* [How to complete this task]: All records below are to be transcribed exactly, with every picture left out.

____________________

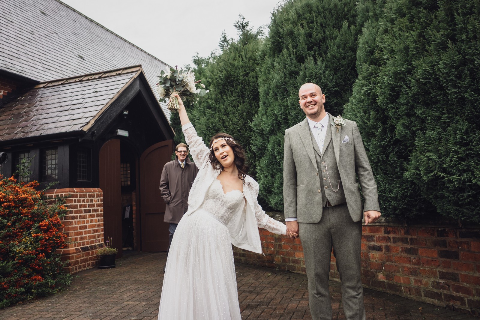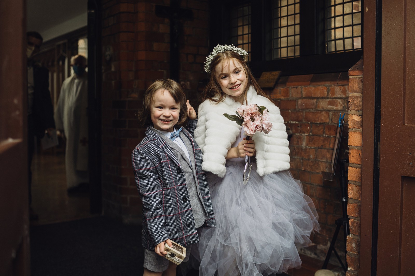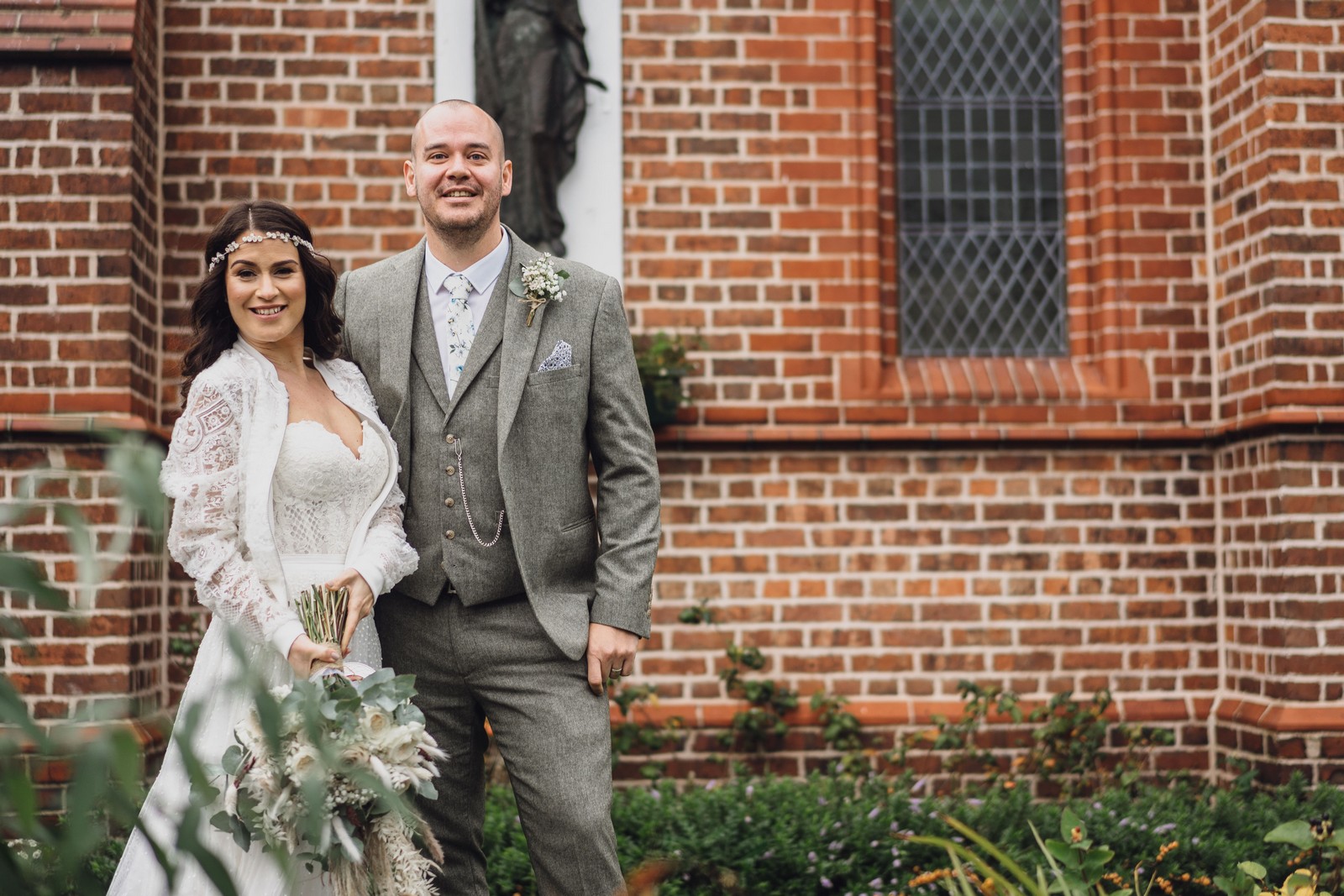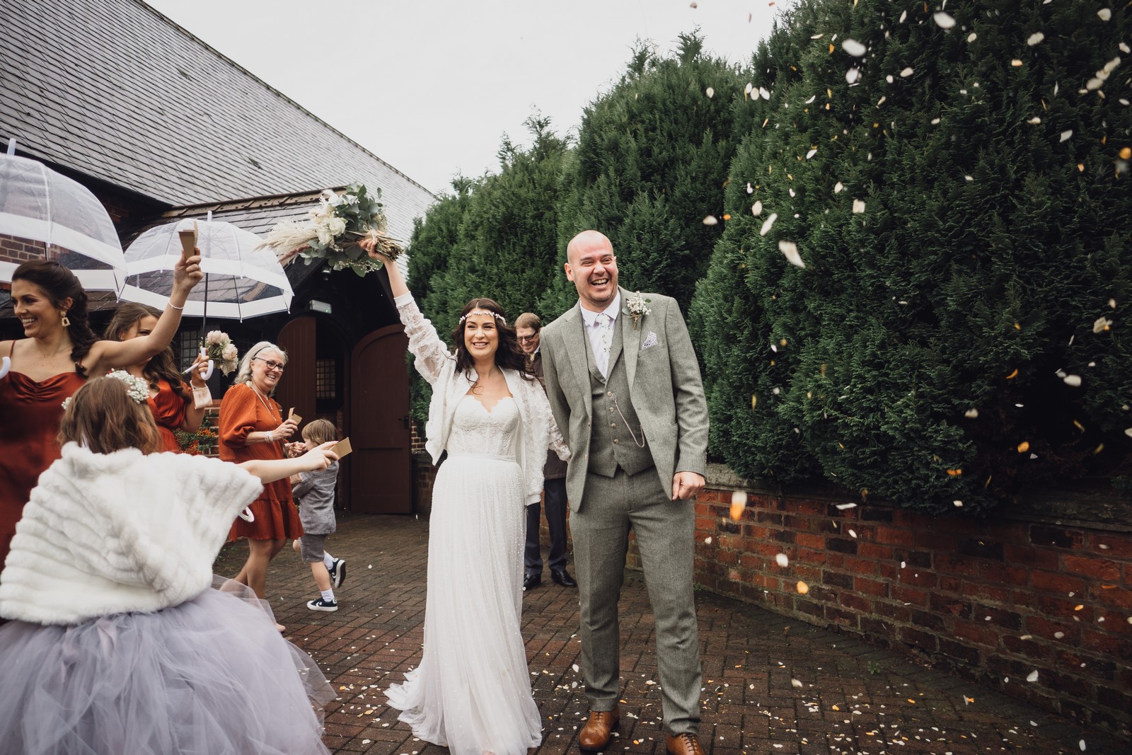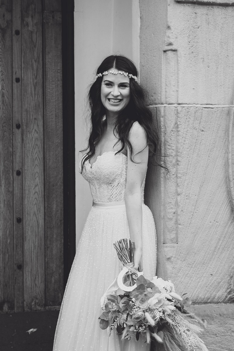 Cheshire wedding photographer covering the Northwest. I loved absolutely everything about Sophie and Tush’s wedding. It was small and intimate but so much fun! They didn’t let covid or the rain stop them and they married after 13 years together in their beautiful local church. Sophie had always longed for a Maid Marion wedding and she certainly didn’t disappoint! With the help of local suppliers Flossies and Lucinka Hodnett MUA she pulled off the look perfectly. The gorgeous bouquet filled with eucalyptus and pampas was the perfect accent to the beautiful make up and Sophie’s incredible dress. She wore flowers in her hair and donned an elegant but modern bridal jacket which I LOVED! Her veil was long and covered in tiny pearls which looked just stunning.
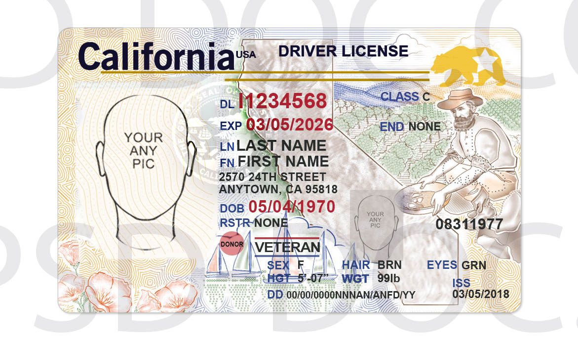 PSD Template USA California Driver License front back side (for make a DL with any name/dob/address)
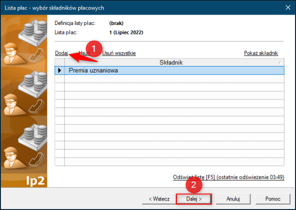 6. Wybrać składnik klikając Dodaj. W tym przypadku jest to premia uznaniowa. Po jej wyborze przejść Dalej.
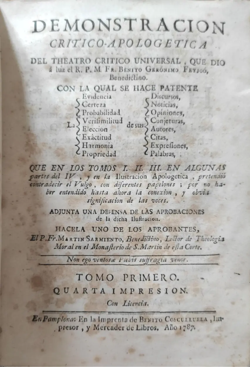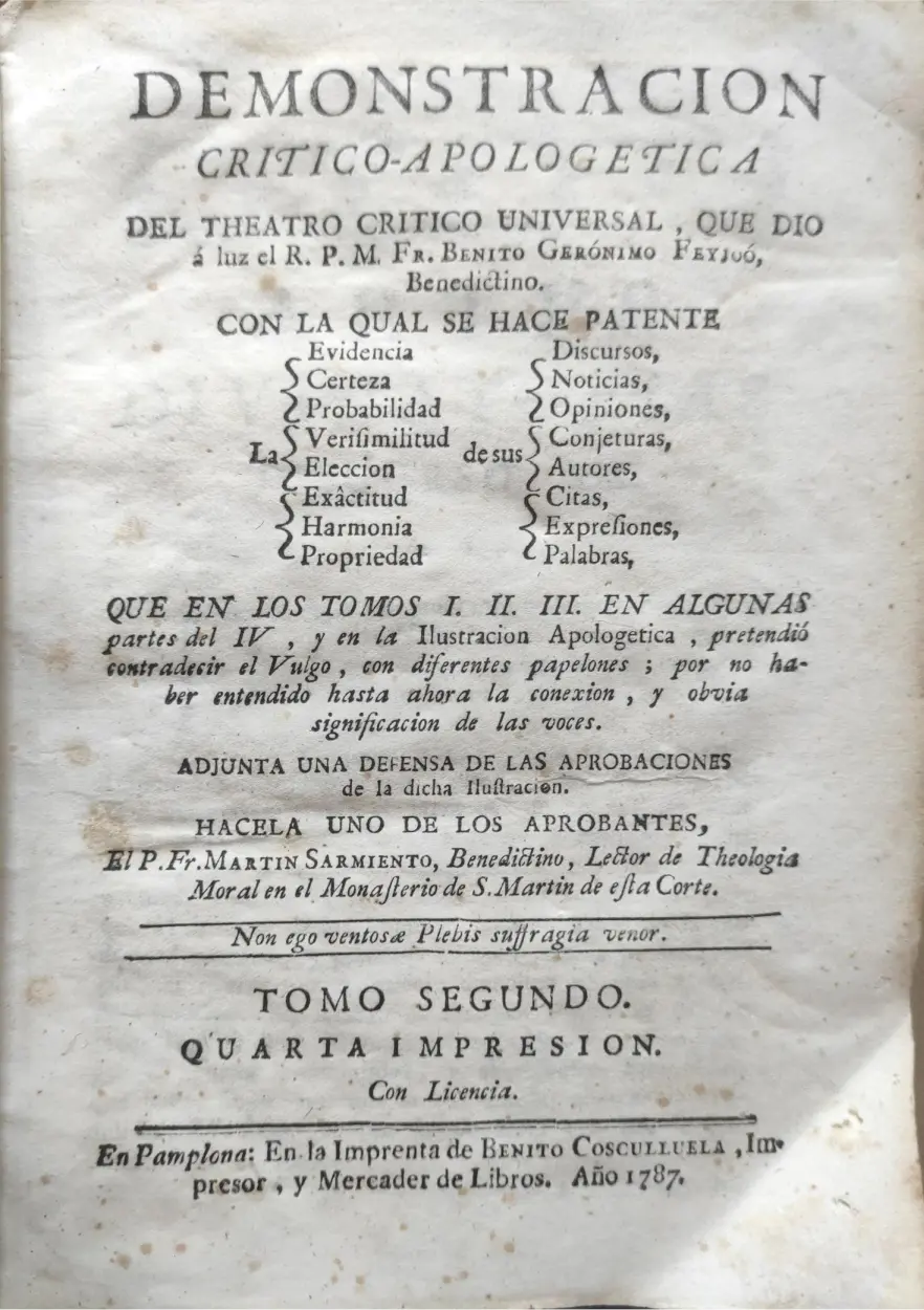 Título: Demostración Crítico-Apologética, del Teatro Crítico Universal, que dio á luz el R. P. M. Fr. Benito...
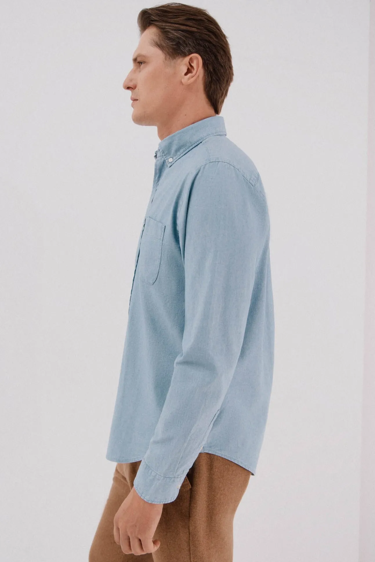 -Cuello con botones, bolsillo en pecho
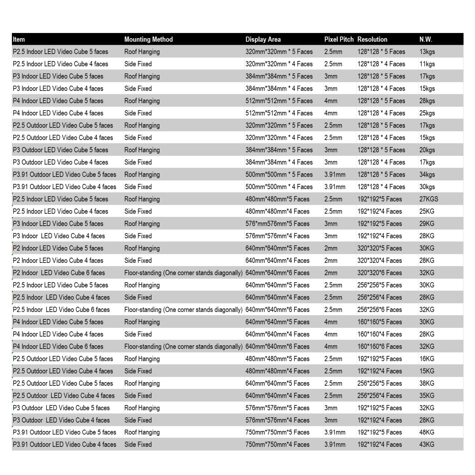 With 4faces or 5faces cubic display screen, also can be customized with only 3faces, or make into cubiod, or with several pieces cube stack on each other into a cubic column.
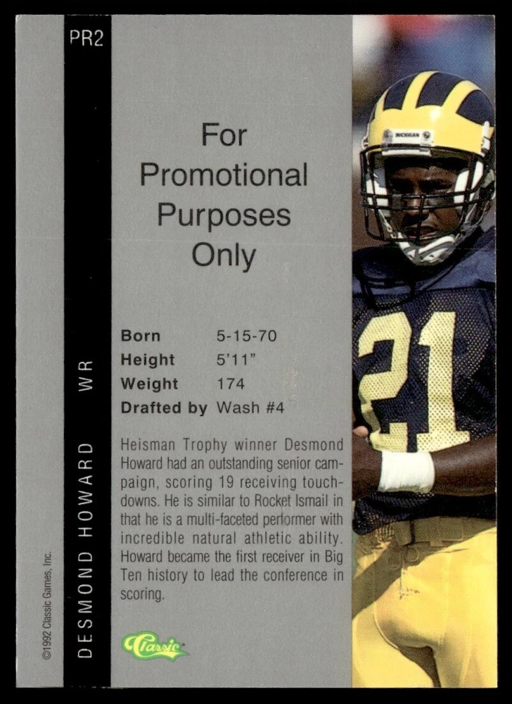 About Me Other Listings Feedback Add to Favorites Contact Me Mesplay Enterprises 1992 Classic Draft Pick Collection Promotional Card Desmond Howard Rookie No stock photo / These are real scans or pictures Details Description: Desmond Howard Category: Football Year: 1992 Product: Classic Draft Pick Collection Promotional Card Team: Michigan Wolverines Card Number: PR2 Rookie: Yes Dimensions: 3½" x 2½" SKU: FT B0001 R13 E (17) Listing By Kronocard trading cards software v2.7.0.1
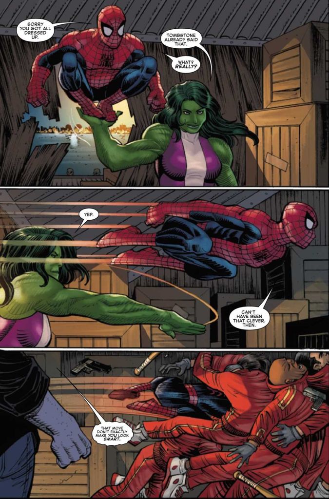 When last we left Spider-Man and his Amazing friends, Team Spidey split up to quell the fighting hotspots around the city, leaving Spidey partnered up with She-Hulk. Meanwhile, Tombstone woke up from his coma to learn his daughter, Beetle, is doing more than just protecting her father’s territory.
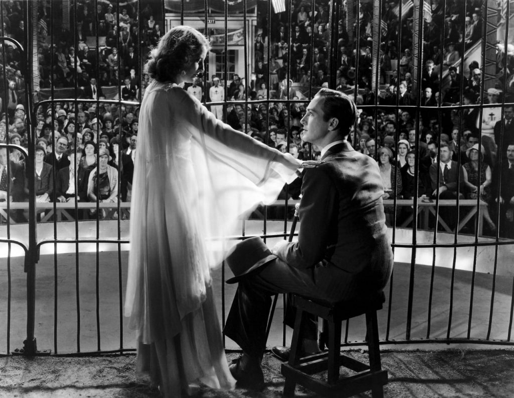 David Manners gets into Barbara Stanwyck’s cage, in 1931’s The Miracle Woman

____________________

* [Solution below]:
 Cheshire wedding photographer covering the Northwest. I loved absolutely everything about Sophie and Tush’s wedding. It was small and intimate but so much fun! They didn’t let covid or the rain stop them and they married after 13 years together in their beautiful local church. Sophie had always longed for a Maid Marion wedding and she certainly didn’t disappoint! With the help of local suppliers Flossies and Lucinka Hodnett MUA she pulled off the look perfectly. The gorgeous bouquet filled with eucalyptus and pampas was the perfect accent to the beautiful make up and Sophie’s incredible dress. She wore flowers in her hair and donned an elegant but modern bridal jacket which I LOVED! Her veil was long and covered in tiny pearls which looked just stunning.
 PSD Template USA California Driver License front back side (for make a DL with any name/dob/address)
 6. Wybrać składnik klikając Dodaj. W tym przypadku jest to premia uznaniowa. Po jej wyborze przejść Dalej.
 Título: Demostración Crítico-Apologética, del Teatro Crítico Universal, que dio á luz el R. P. M. Fr. Benito...
 -Cuello con botones, bolsillo en pecho
 With 4faces or 5faces cubic display screen, also can be customized with only 3faces, or make into cubiod, or with several pieces cube stack on each other into a cubic column.
 About Me Other Listings Feedback Add to Favorites Contact Me Mesplay Enterprises 1992 Classic Draft Pick Collection Promotional Card Desmond Howard Rookie No stock photo / These are real scans or pictures Details Description: Desmond Howard Category: Football Year: 1992 Product: Classic Draft Pick Collection Promotional Card Team: Michigan Wolverines Card Number: PR2 Rookie: Yes Dimensions: 3½" x 2½" SKU: FT B0001 R13 E (17) Listing By Kronocard trading cards software v2.7.0.1
 When last we left Spider-Man and his Amazing friends, Team Spidey split up to quell the fighting hotspots around the city, leaving Spidey partnered up with She-Hulk. Meanwhile, Tombstone woke up from his coma to learn his daughter, Beetle, is doing more than just protecting her father’s territory.
 David Manners gets into Barbara Stanwyck’s cage, in 1931’s The Miracle Woman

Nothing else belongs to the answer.